# Recognised Spanish exam



## agua642 (May 24, 2009)

I'm wanting to take an exam in Spanish language for foreigners, I've looked at EOI in my zone which is Denia presently and all I see if Valenciano, can any one recommend anywhere.
I've looked also in Elche as we are moving that way soon and again only in Valenciano.


----------



## Guest (Sep 26, 2011)

If you want an internationally recognized Spanish exam, you can take the "DELE" offered by the Cervantes Institute. I took the _DELE Superior_ (C2 level) two years ago and it wasn't that bad. I didn't do any preparation other than completing many of the past versions of the test they have published on their page. 

The DELE might be a better bet if you're looking for recognition of your Spanish level outside of Spain. It's also accepted (at least up here) if you're looking to take any _oposicion_ to be a teacher in the public system.


----------



## xabiaxica (Jun 23, 2009)

halydia said:


> If you want an internationally recognized Spanish exam, you can take the "DELE" offered by the Cervantes Institute. I took the _DELE Superior_ (C2 level) two years ago and it wasn't that bad. I didn't do any preparation other than completing many of the past versions of the test they have published on their page.
> 
> The DELE might be a better bet if you're looking for recognition of your Spanish level outside of Spain. It's also accepted (at least up here) if you're looking to take any _oposicion_ to be a teacher in the public system.

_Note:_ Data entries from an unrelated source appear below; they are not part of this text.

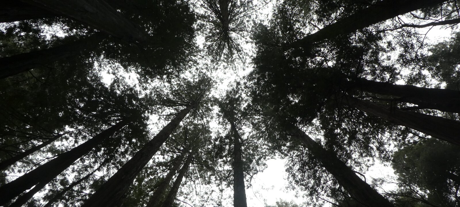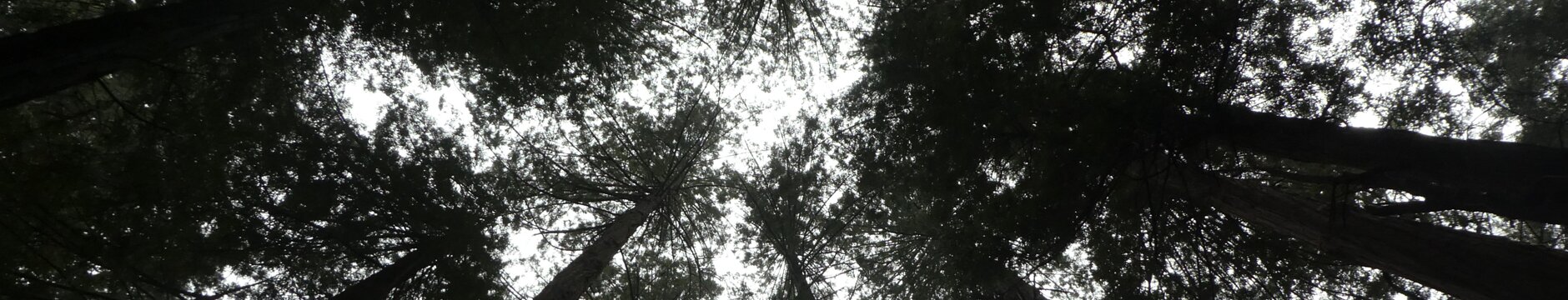 Redwood trees. All trunks belong to the same original tree, which died (middle). Sequoias. MissionPainted ladies Labels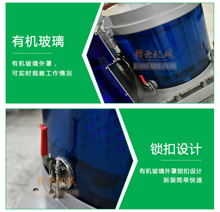 (2)低噪音。機(jī)臺(tái)工作時(shí)比較靜,打破目前市場上脫水機(jī)工業(yè)用的大噪音。
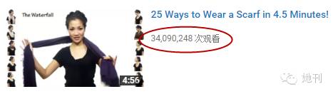 不仅“秀腿”有术,她在著名视频网站YouTube上的时尚教程,单一部“4.5分钟内学会25种围巾系法”,点击就高达3千4百万次!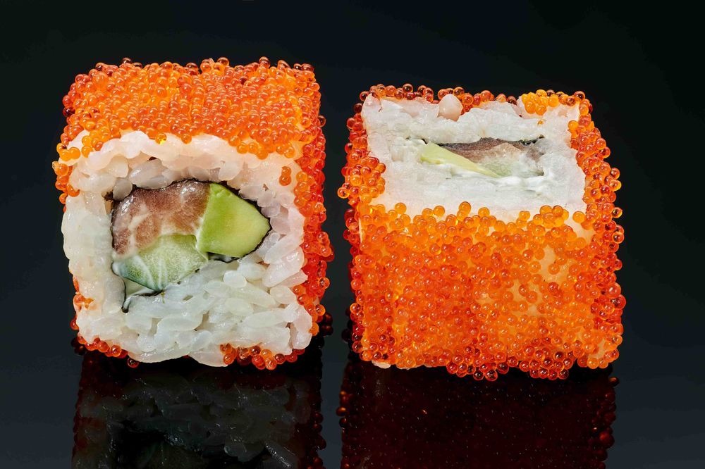Рис, нори, лосось с/м, авокадо, огурец, икра тобико, майонез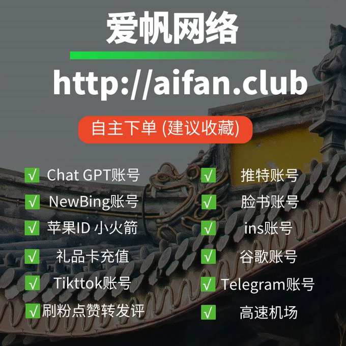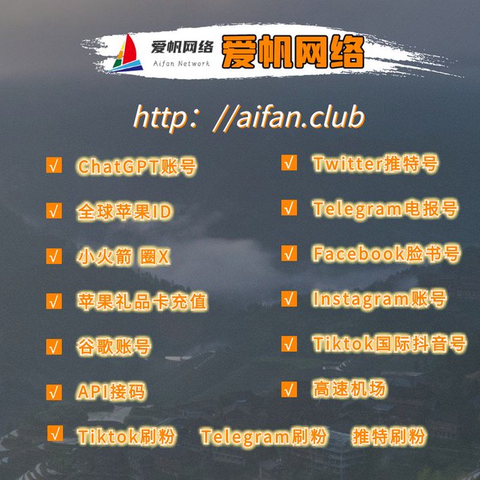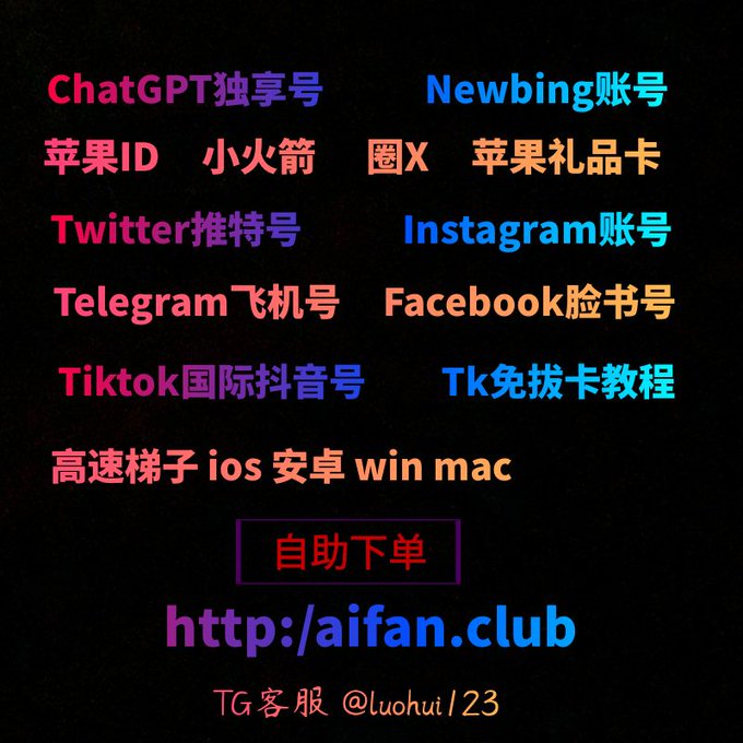 ChatGPT账号 美区id 飞机账号 苹果id Tiktok账号 推特账号 脸书账号 ins账号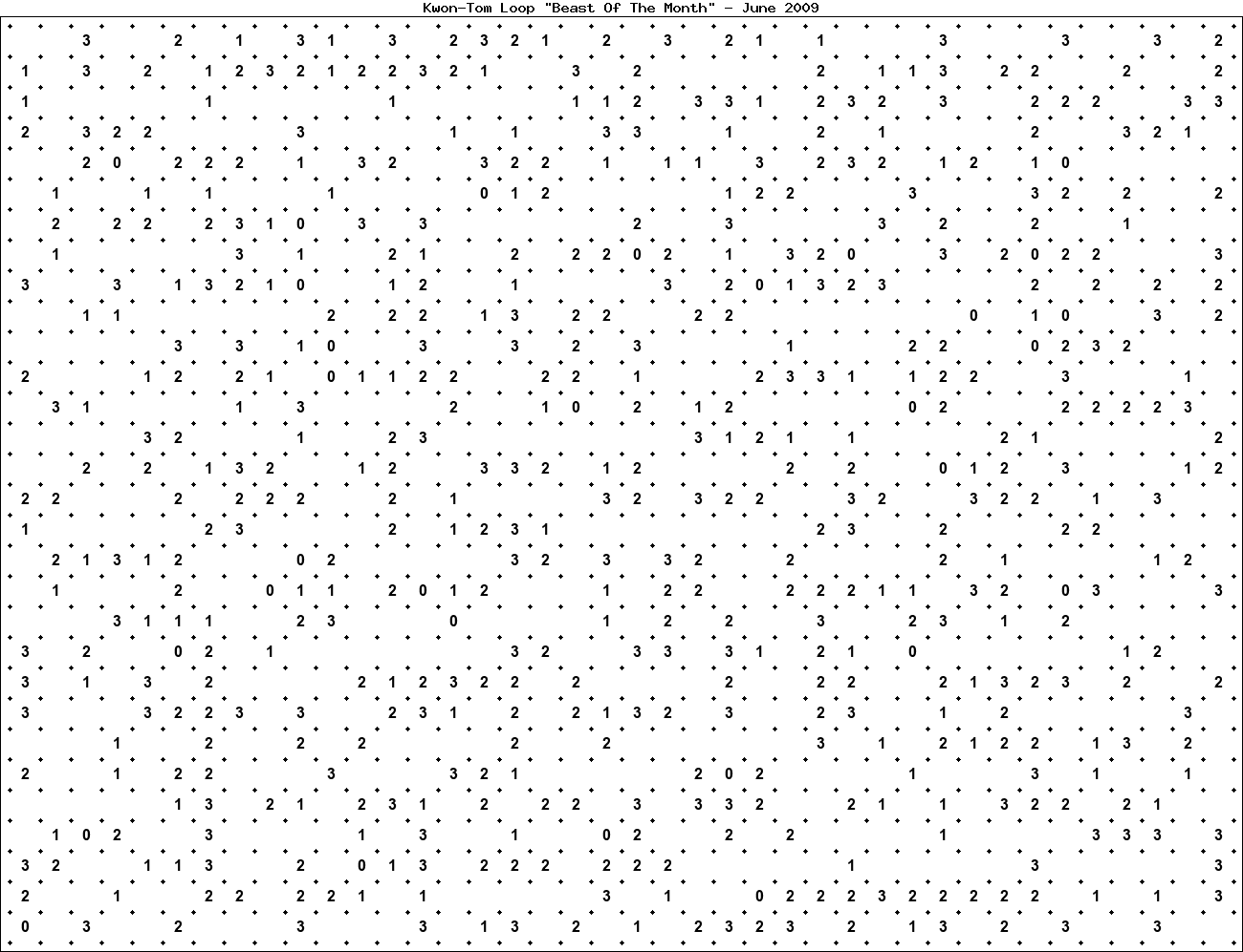 The "Beast Of The Month" is a very large puzzle, too big to display in the usual Kwon-Tom Loop interactive format. It's presented here as an image which you can print off and solve on paper.Printable Beast June 2009(solution)

I'm sure they do the DELE in Denia - they certainly used to, because I was thinking of doing it myself a few years ago (when I had time to actually study)


----------



## agua642 (May 24, 2009)

Hi thanks I'll see if I can find the school which does it in Denia


----------



## xabiaxica (Jun 23, 2009)

agua642 said:


> Hi thanks I'll see if I can find the school which does it in Denia


easy peasy 


DELE Preparation Exams Spanish Courses in Denia - Spain - SpanishinDenia.com


----------



## agua642 (May 24, 2009)

Thanks ! Your a star


----------